§ INFORMATION PROVIDED
▬▬▬▬▬▬▬▬▬▬

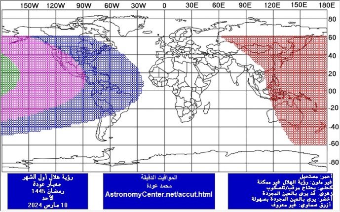 أما بالنسبة لإمكانية رؤية الهلال يوم الأحد 10 مارس، واستنادا على جميع معايير رؤية الهلال المنشورة في أبحاث علمية محكمة (ومنها معيار العالم المسلم ابن طارق، والباحث فوثرينغهام، والباحث ماوندير، والباحث بروين، والباحث المسلم إلياس، والمرصد الفلكي SAAO، والباحث يالوب، والباحث المسلم عودة)، فإن رؤية الهلال غير ممكنة في ذلك اليوم من أي مكان في العالم العربي والإسلامي سواء بالعين المجردة أو باستخدام التلسكوب، في حين أن رؤية الهلال ممكنة باستخدام التلسكوب من أجزاء من الأمريكيتين، خاصة من الأجزاء الغربية. وبناء على ذلك وبالنسبة للدول التي تشترط الرؤية الصحيحة للهلال من مكان ما في العالم الإسلامي، فمن المتوقع أن تبدأ هذه الدول شهر رمضان يوم الثلاثاء 12 مارس.
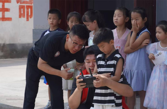 圖為實踐團隊在教小學生們試飛無人機鄧磊供圖
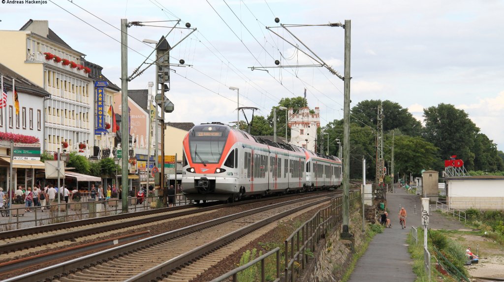 Der Vias 303 Triebwagen mit einem unbekannten Bruder bei seiner Fahrt von Frankfurt/Main nach Koblenz Hbf in Rüdesheim am Rhein am Bahnübergang am Bahnhof....Freitag 21.9.2012 Andreas Strobel

▬▬▬▬▬▬▬▬▬▬

§ PROMPT
Any images must be left out; transcribe the rest of the material exactly.

§ SOLUTION
 أما بالنسبة لإمكانية رؤية الهلال يوم الأحد 10 مارس، واستنادا على جميع معايير رؤية الهلال المنشورة في أبحاث علمية محكمة (ومنها معيار العالم المسلم ابن طارق، والباحث فوثرينغهام، والباحث ماوندير، والباحث بروين، والباحث المسلم إلياس، والمرصد الفلكي SAAO، والباحث يالوب، والباحث المسلم عودة)، فإن رؤية الهلال غير ممكنة في ذلك اليوم من أي مكان في العالم العربي والإسلامي سواء بالعين المجردة أو باستخدام التلسكوب، في حين أن رؤية الهلال ممكنة باستخدام التلسكوب من أجزاء من الأمريكيتين، خاصة من الأجزاء الغربية. وبناء على ذلك وبالنسبة للدول التي تشترط الرؤية الصحيحة للهلال من مكان ما في العالم الإسلامي، فمن المتوقع أن تبدأ هذه الدول شهر رمضان يوم الثلاثاء 12 مارس.
 圖為實踐團隊在教小學生們試飛無人機鄧磊供圖
 Der Vias 303 Triebwagen mit einem unbekannten Bruder bei seiner Fahrt von Frankfurt/Main nach Koblenz Hbf in Rüdesheim am Rhein am Bahnübergang am Bahnhof....Freitag 21.9.2012 Andreas Strobel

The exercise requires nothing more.